Lewis Hamilton claimed the maiden pole position at the 2018 French Grand Prix since the event’s return on the F1 calendar after a 10-year hiatus and the 75th of his career. The Briton was followed by his team-mate Valtteri Bottas who qualified with the second fastest time to complete a front row lockout for Mercedes. For Mercedes, it is only their second front-row lockout this season after Spain. Taking the final podium qualifying place which is the third spot on the grid was Ferrari’s, Sebastian Vettel.

For the Silver Arrows squad, the momentum built smoothly from Friday to Saturday after they received an upgraded engine which they call the ‘Phase 2.1’. Hamilton dominated all three sessions of the qualifying, while the Ferraris turned around their Friday performance as expected, and pace wise slotted in between the Mercedes and the Red Bull Racing team drivers.

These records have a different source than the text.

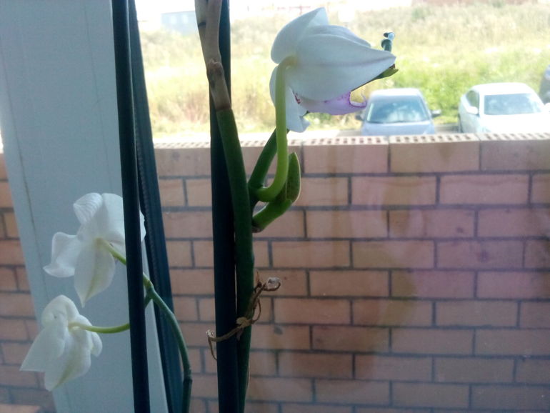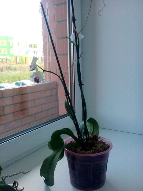 орхидею обязательно !!!!!!!!!!!!!! пересадить в кору . в горшку сделать ОООООООЧЕНЬ много отверстий, корни ( сухие , гнилые ) обрезать( я никогда корни ни чем не присыпаю и не мажу ) и скинуть фото с корнями что остались ( потом посадить в кору). Можно использовать удобрение в палочках. Цветоносы обрезать до зеленого. И запомните орхидеи НЕ РАСТУТ В ЗЕМЛЕ ( я имею ввиду фалинопсисы) ОНИ ЭПИФИТЫ им нужно жить на дереве и не НЕ ПРЯМОМ СОЛНЦЕ .
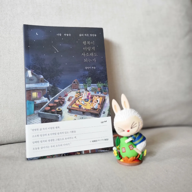 따끈따끈한 『행복이 이렇게 사소해도 되는가』를 받아들자마자 단숨에 한 권을 다 읽었다. 그리고 그 날밤 다시 차를 마시며 한 번, 다음 날 아침 햇빛 아래에서 또 한 번 읽었다. 세번이나 연달아 읽으며 따뜻함에 흠뻑 취해있는데, 반찬을 주러 왔던 엄마가 책을 훑어보다가 한마디 툭 한다. “옛날에 우리 00 아파트 샀을 때, 쪼들려서 매일 거실에 이불 펴고 잘 때- 엄마는 그때가 진짜 행복했어.” 순간 까맣게 잊고 살던 시절이 거짓말처럼 확 생각나고 그때의 행복이 온 가슴에 들어찼다. 엄마와 나는 히비스커스를 마시다 말고, 히비스커스보다 더 빨간 코가 되어 추억을 회상했다.
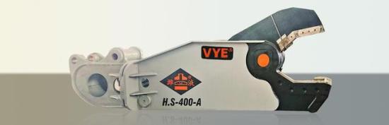 “潍液”“VYE”H.S-400挖掘机液压剪,鹰嘴剪,分大臂型和小臂型。适合安装于28吨-33吨各品牌挖掘机大臂使用,或33吨-45吨各品牌挖机小臂使用。剪头自重约5800公斤,总长度约4.38米,高度约1.8米。剪刃部最大开口约82cm,喉口深度约87cm。剪切力280吨,可剪切重型报废运输车辆车架,钢构车间梁柱,H钢500#,板材直剪厚度35mm,挖开25mm。
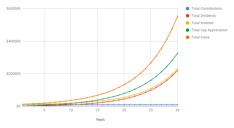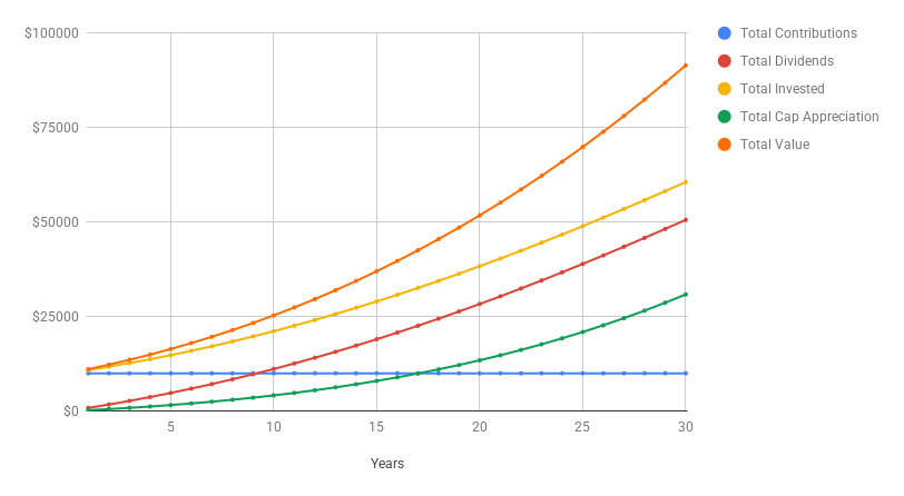 - 30 Years: Now you’re looking at more than $125,000, and $537 a year in dividends.
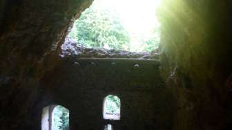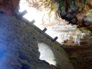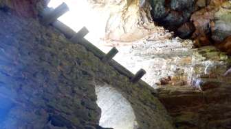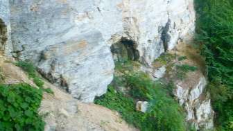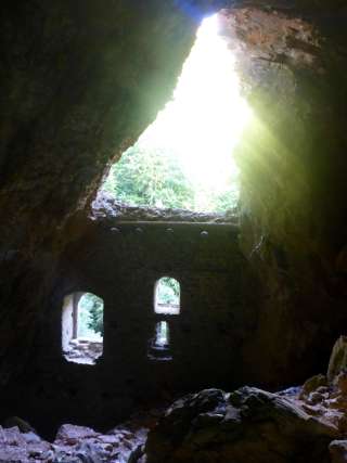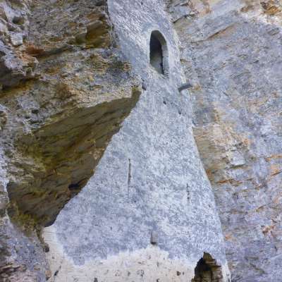 Höhlenburg. Starke Mauer mit Fensterscharten und Hocheingang. Reste von Holzbalken markieren die Lage der zum Hocheingang führenden Lauben und Aussentreppen. Balkenstümpfe auf der Mauerkrone einer Dachkonstruktion oder einem hölzernen Oberbau. Inneres der Höhle weitgehend mit Felsschutt gefüllt. Enge Bresche am Fuss der Aussenmauer erlaubt das Erklettern des Inneren der Höhle.
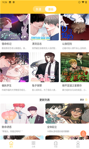 3. 更新提醒:支持用户订阅感兴趣的漫画,更新时及时提醒。
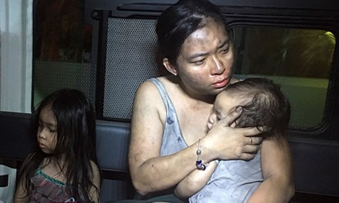 Bằng tình yêu của một người mẹ, chị tay bồng hai con, vượt qua biển lửa. Chị bị bỏng, đau rát nhưng lúc lên xe cấp cứu vẫn cho đứa con bé bỏng bú sữa.
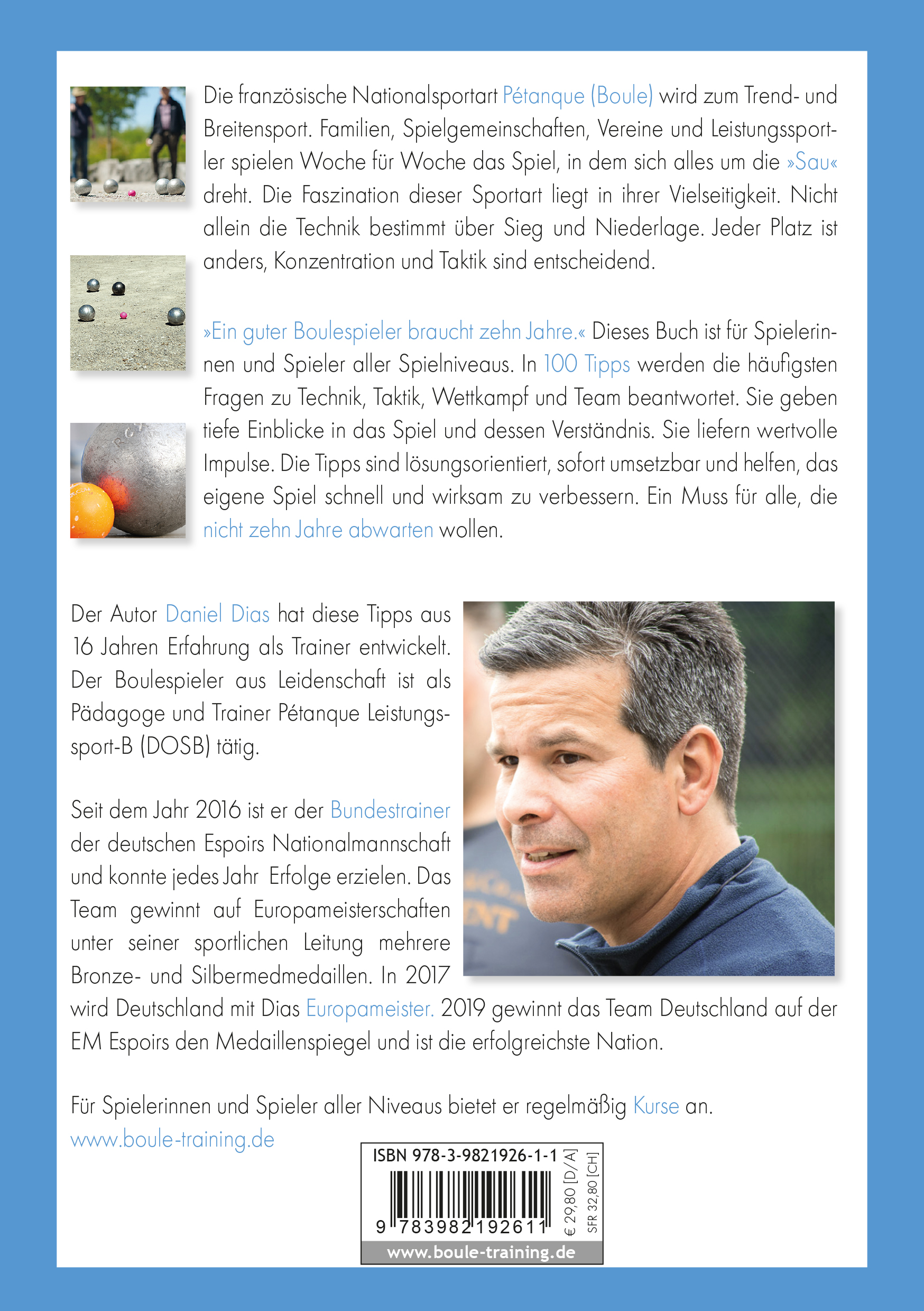 Standardwerk für alle Boule-Spieler*innen, die das Spiel »richtig« kennenlernen und spielen möchten. 100 Tipps beantworten die Häufigsten Fragen von Trainierenden. Fast alle Tipps verbessern das Spiel sofort, ohne Training. Jeder kann die meisten Tipps sofort anwenden und sich dadurch verbessern.Themenbereiche: Tipps rund um Kugeln, Tipps rund ums Zubehör, Tipps rund ums Terrain, Tipps zur Bewegung und Haltung, Tipps rund ums Legen, Tipps rund ums Schießen, Tipps zur Taktik, Tipps für den Wettkampf, Tipps rund um den Kopf, Tipps rund um das TeamGlossar und Hintergrundinformationen
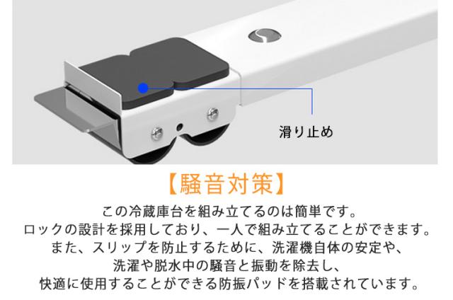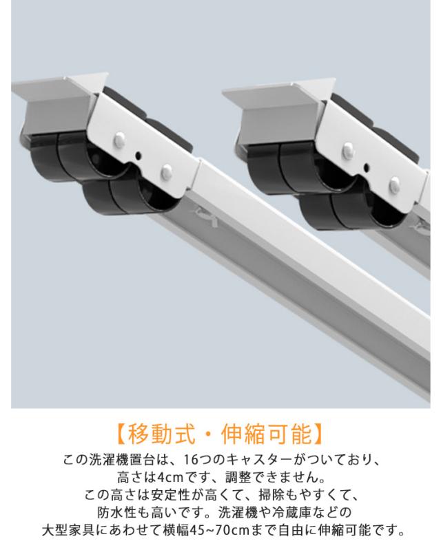 | 45?70cm対応!洗濯機伸縮式置き台2個セット。大型家具・大型家電の移動に! 【高品質素材】高品質なステンレス鋼を採用した洗濯機置き台は、非常に安定し、耐腐食性や錆止め性が抜群です。4連キャスターを搭載しており、300 kgの負荷に耐えられ、エアコン、ドラム式や全自動洗濯機、冷蔵庫、食器棚洗濯機、植木鉢、大型機器など、さまざまな家具に使用することができます。 【移動式・伸縮可能】この洗濯機置台は、16つのキャスターがついており、高さは4cmです、調整できません。この高さは安定性が高くて、掃除もやすくて、防水性も高いです。洗濯機や冷蔵庫などの大型家具にあわせて横幅45~70cmまで自由に伸縮可能です。また、洗濯機や冷蔵庫と床との接触を有効に防止できし、排水と清掃問題を簡単に解決します。水分による製品の錆びを防ぐこともでき、設備の寿命を延長することができます。 【騒音対策】この冷蔵庫台を組み立てるのは簡単です。ロックの設計を採用しており、一人で組み立てることができます。また、スリップを防止するために、洗濯機自体の安定や、洗濯や脱水中の騒音と振動を除去し、快適に使用することができる防振パッドを搭載されています。 【固定できるストッパー付】レバーを上下するワンタッチ式なので簡単に解除も固定もできます。 【簡単な長さ調整】お好みの長さに調整して、ネジで固定するだけの簡単セッティング。最大で70cmまで大きさに対応します。 | |

Although the Brackley squad had the qualifying advantage here, one also has to bare in mind that Barcelona, Paul Ricard and Silverstone were the three circuits that were resurfaced at the behest of Pirelli. According to speculation, Mercedes brought it to the attention of the tyre maker, that they were unable to manage certain compounds at certain circuits, due to serious safety concerns. They feared there would be a tyre burst or extreme degradation with the new Pirelli compounds. So with the French circuit being one of the three that have new asphalt, it could aide Mercedes but Ferrari will have the advantage at other circuits.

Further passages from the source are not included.